Viewed February 23, 2019 -- AMC Sunset 5

1130

Friday, February 22, 2019

"Isn't It Romantic"

 ½ 

Here's a happy Rorschach test of a movie, which will reflect exactly what you already feel about romantic comedies. Do you instinctively smile at the far-fetched nonsense  of Notting Hill or My Best Friend's Wedding? Or do pop-song montage sequences set your skin crawling? Isn't It Romantic will support your view, either way.

It pretends to have a sort of superior, snobbish disdain for rom-com contrivances, which gives Isn't It Romantic a slight case of schizophrenia -- but its sunny disposition makes it, well, adorable.

Rebel Wilson stars as Natalie, who grows up with a boozy mother (Jennifer Saunders) and a crisis of self-worth. She designs parking structures at the world's glummest  architectural firm,  and frets over the way her size and disposition make her invisible. Thwacking herself on the head, she wakes up in a New York that has transformed into the picture-perfect romantic comedy she disdains, wooed by an impossibly handsome billionaire (Liam Hemsworth).

Wilson's affable grouchiness is counter-balanced by the endlessly sunny nature of her co-worker Josh (Adam Devine) and a delightful production design. For a while, Isn't It Romantic is like the Airplane! of rom-coms, throwing out every joke it can think of and landing most of the punchlines. Inevitably, it settles into a plot that is precisely the movie it appears to mock -- but there's a tiny joy in realizing that the characters and situations work just as well here (or, if you're of that mind, as poorly, I guess) as they ever have.

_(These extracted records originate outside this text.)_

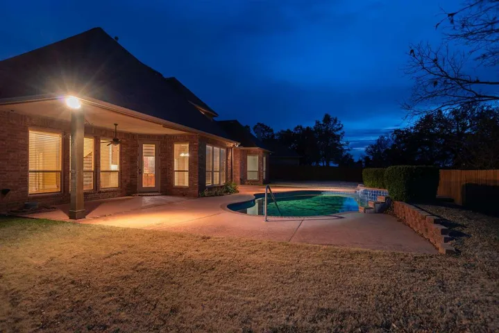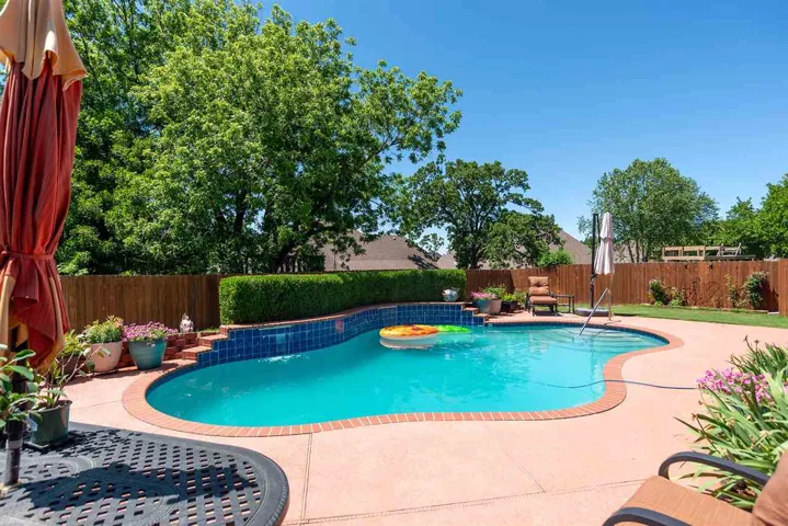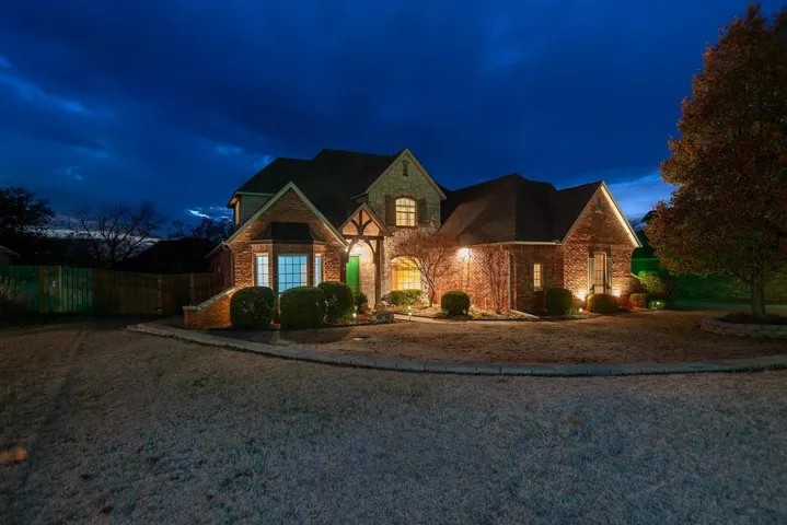 Beautiful 5 bedroom with 3.full baths and 2 and a half bath with 3 car garage. Home located in Woodland Trails and built by Chip Weir Homes! Entering through the front doors you will find a formal dining room and formal living room, with beautiful real wood floors with lots of beautiful shelving. The kitchen has an abundance of cabinets, granite countertops, and an eating bar with island to prepare the food .The kitchen has GE Café appliances including an ice maker that makes nugget ice. The range in kitchen is gas for the people who love to cook with gas. It is surrounded by beautiful brick. The living room is off to kitchen with fireplace with shelving on each side. Both formal and eat in kitchen has doors that lead out to patio to enjoy your beautiful relaxing pool. The master bedroom with bathroom is downstairs. It is all handicap assessable. Master bedroom is wonderful retreat. There is walk in shower and split vanity areas. There is office downstairs that counts as a bedroom with closets. Upstairs is 3 bedrooms, and 2 full baths and ½ bath. Plus a bonus room, that is currently the sellers crap table. Seller would love to give you some pointers on craps. Enjoy the patio with a gas hookup for your gas grill for your outdoor cooking while enjoying the beautiful pool. Property is surrounded by privacy fence. There are plenty of extra perks in this home such as an in-ground sprinkler system, tankless water heater, ice machine to make ice like Sonic, natural gas for all your cooking needs, 2 ac units, 1 up and 1 down. Brand new floor, brand new dishwasher, new carpet, new downstairs unit, new range and ice maker ( 2 years ) Sangre Ridge school district. Hurry before this one is gone.
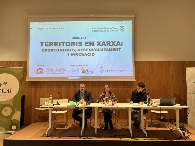 La jornada “Territoris en xarxa: oportunitats, desenvolupament i innovació”, organitzada ahir dijous 16 de gener per la Càtedra Universitat i Regió del Coneixement de la URV a l’Hospitalet de l’Infant, ha posat en valor la importància de les iniciatives en xarxa i l’extensió de la innovació i el desenvolupament per fer emergir oportunitats i talent fora de les àrees urbanes i metropolitanes. Celebrada a la Casa de Cultura Blanca d’Anjou, la jornada va comptar amb la col·laboració de l’empresa municipal Iniciatives de Desenvolupament Empresarial les Tàpies SA (IDETSA) i de la Mancomunitat d’Iniciatives pel Desenvolupament Integral del Territori de Vandellòs i l’Hospitalet de l’Infant, Tivissa i Pratdip (MIDIT), a més del suport de la Diputació de Tarragona.
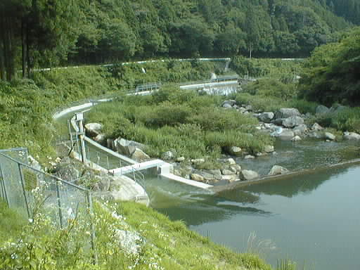 巴川にはたくさんの水力発電所があります。水は高いところから低いところへ流れる性質を利用して、高いところの水を取水し、そして、水を落下させ、水車を回して電気を起こします。
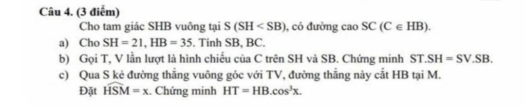 Xét $\triangle SHB$ vuông tại $S$, ta có:
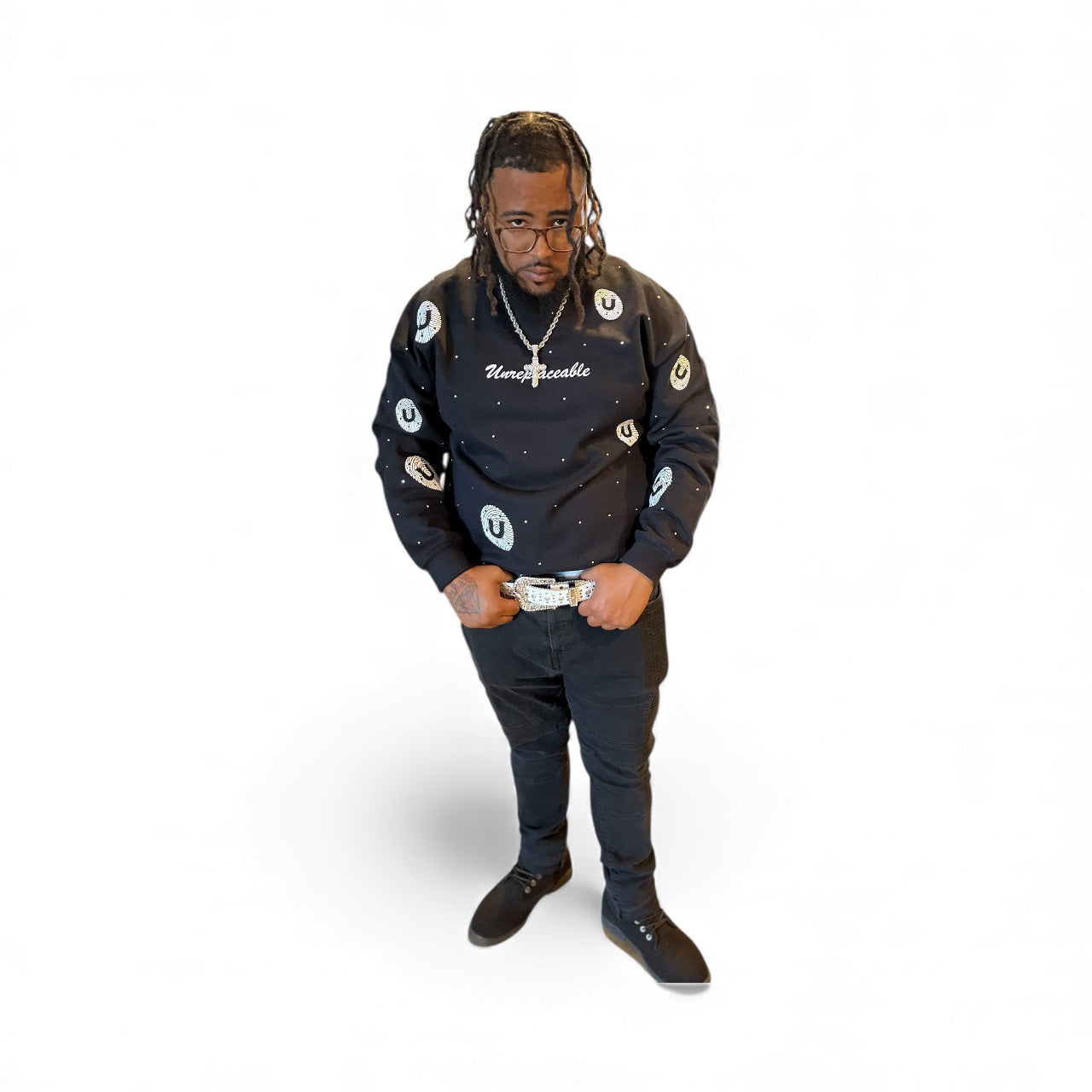 Step into elevated streetwear with this long sleeve wrapped in your signature logo, printed in bold white suede and drenched in hand-placed rhinestones across the front. Clean, icy, and built to stand out without trying.
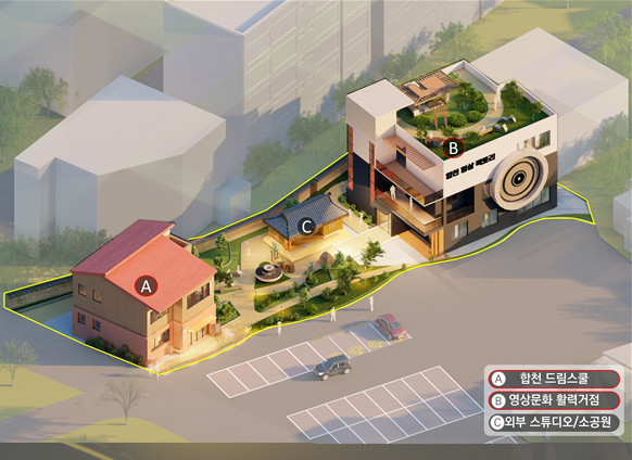 방문객 대상 영상 콘텐츠 체험장과 소규모 영화제 사무공간이 들어서는 ‘영상문화 활력거점’, 영상산업 인력 양성을 위한 ‘합천 드림스쿨’, 영화촬영 관계자 숙박공간인 ‘시네마 빌리지’ 등이 조성된다.
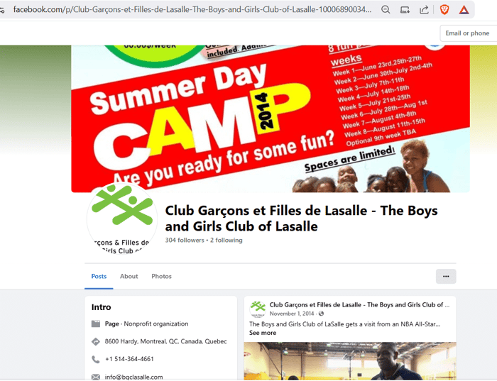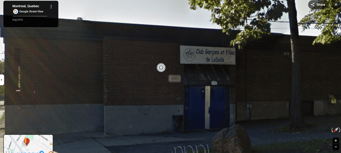 If you google search the name above the door, Club Garçons et Filles de Lasalle, the only result is this Facebook page. (https://www.facebook.com/p/Club-Gar%C3%A7ons-et-Filles-de-Lasalle-The-Boys-and-Girls-Club-of-Lasalle-100068900347443/)
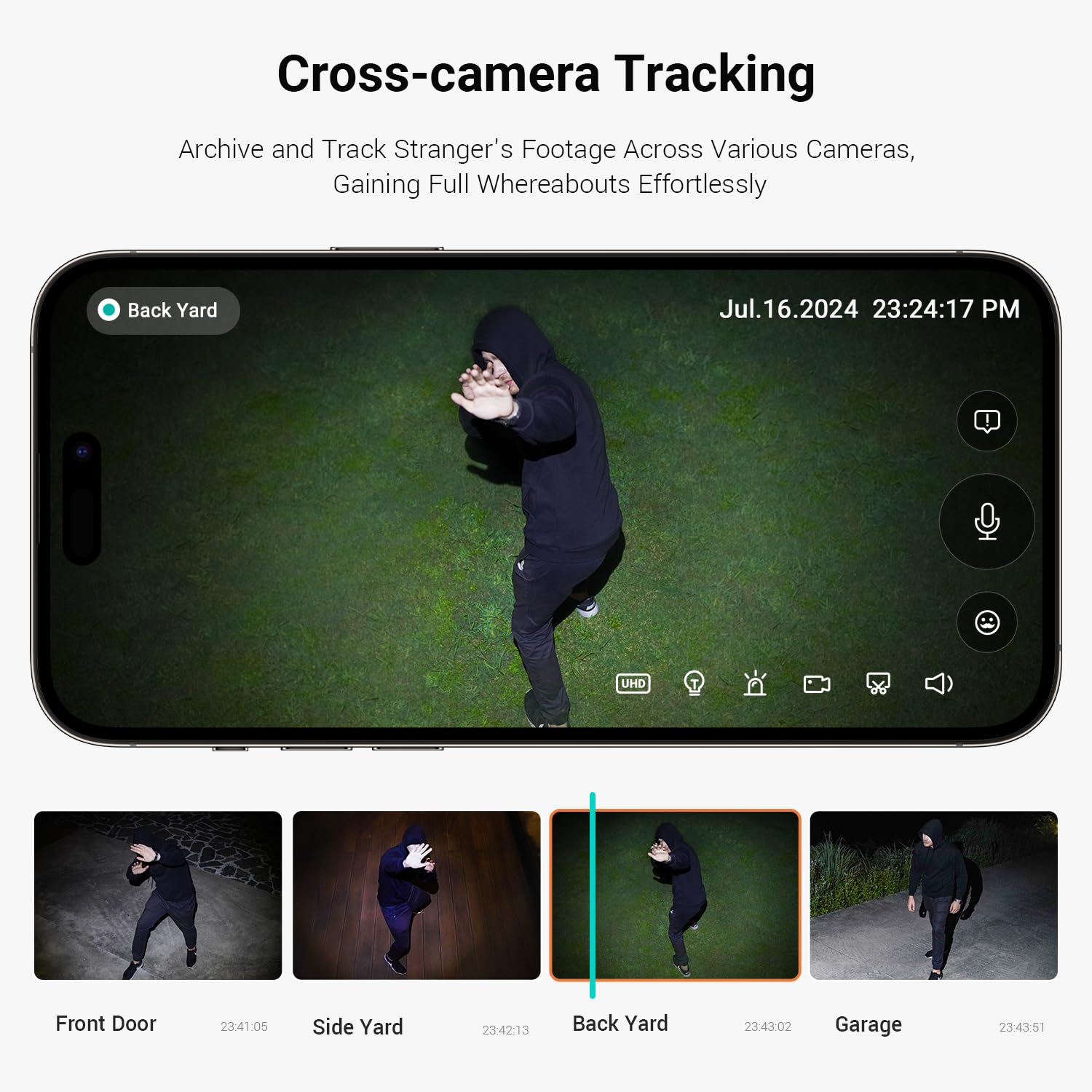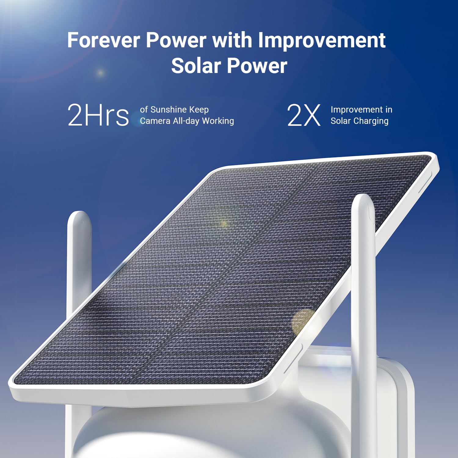 - 360° Coverage, Motion Tracking, Cross-Camera Tracking: The solar camera outdoor wireless provides more comprehensive security. 360° panoramic cameras easily monitor porches, yards, and driveways without blind spots; support auto motion tracking and activity recording of detected people, and also allow tracking and archiving of strangers' footage from several 360 camera, easy to get their complete whereabouts
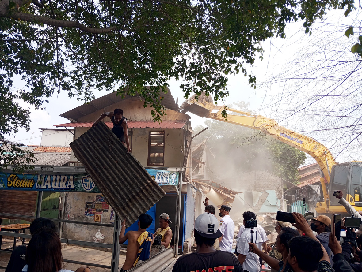 Penertiban dilakukan Rabu (22/4) di RT 03, 05, 06, dan 10 RW 02. Sebagian bangunan sudah kosong, namun sejumlah warga masih berkemas, menyelamatkan barang dan material yang tersisa.
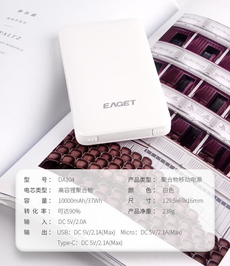商品属性 [供应商] 北京京东世纪信息技术有限公司 [型号产品型号] DA104 [电池容量] 10000mAh [类型] 充电宝
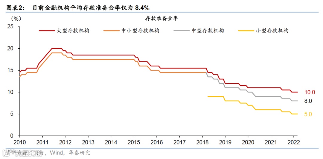 联储快速加息背景下,央行降息或主观上受到一定制约,从而诉诸降准。但是在降融资成本层面,降准效用或不及直接降息。降准直接释放基础货币,相当于给银行减税,通常会传导到实体经济融资成本下行。全面降准50个基点或将释放约1万亿元流动性,降低金融机构资金机会成本每年约130亿元。据央行估算,一次50个基点的降准能够降低银行在贷款利率上的加点约2-3个基点,而两次降准有望带动1年期LPR利率下调5个基点,去年12月在MLF未降的情况下1年期LPR调降5个基点即是两次降准的累积效应。从这个层面看,降准可以部分替代降息的功用,有助于降低企业融资成本。
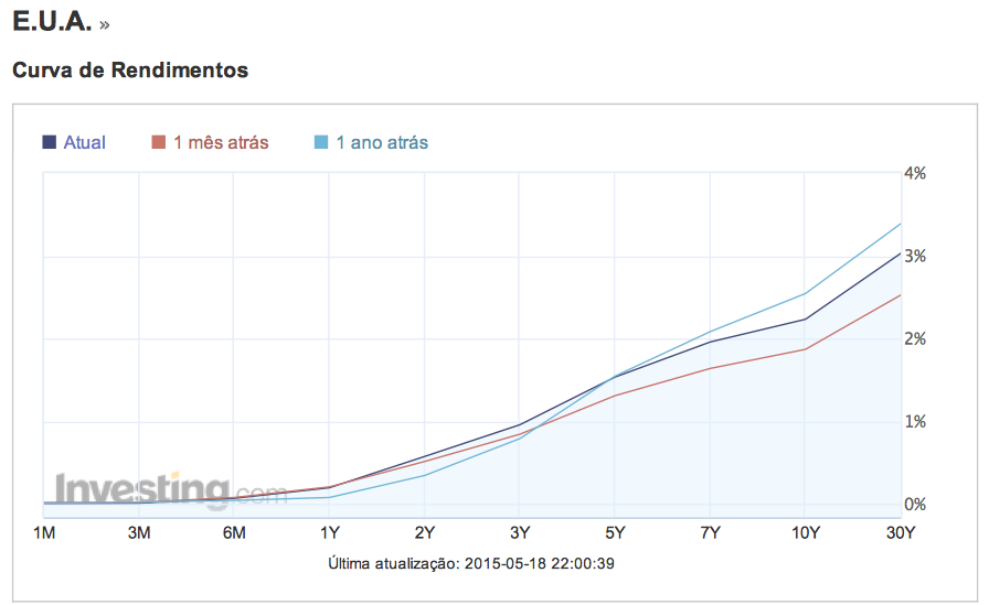 O mercado de obrigações, por sua vez, já pede mais rendimento nas obrigações com maturidades mais longas, relativamente ao mês anterior. Indicação que os investidores esperam a subida dos preços no futuro, mas a recente desvalorização das Bunds estará seguramente a pesar, também, neste movimento. Nas maturidades menores, o valor do juro é superior ao de há um ano atrás, sugere expectativa dos intervenientes na subida, pela FED, do preço do dinheiro.

Viewed February 22, 2019 -- ArcLight Sherman Oaks

1935

Saturday, February 16, 2019

"Free Solo"

  

In one of the most interesting (and indoor) sections of the documentary Free Solo, mountain climber Alex Honnold agrees to undergo an MRI to explore what may be happening in his brain. Could peering inside his mind help understand why Alex takes unthinkable risks that go way beyond extreme? Alex climbs mountains without ropes, without equipment -- "free solo" -- and he has his sights set on El Capitan, a sheer slice of granite that juts 3,000 feet up from the valley floor.  No one in his right mind would do this, but the MRI suggests that, indeed, Alex is not in his right mind. His amygdala, the area of the brain that helps control fear and risk-taking, appears to have no activity.

And yet when a romantic interest enters Alex's life, and he realizes how much danger he is putting his film crew into by having them follow his bare-handed ascent, something unexpected happens: He starts to care. He starts to grow ... which may doom his rock climbing.

As jaw-dropping, gripping and dizzying as the film's stunning photography is, what really makes Free Solo so fascinating is watching a man make an even more dangerous transition: from individual to couple, from "me" to "us."

Walk in knowing absolutely nothing about the subject or the sport, and you'll walk out with both an education and some profound insight into two undeniable human conditions: the bliss of success, and the burden of mortality.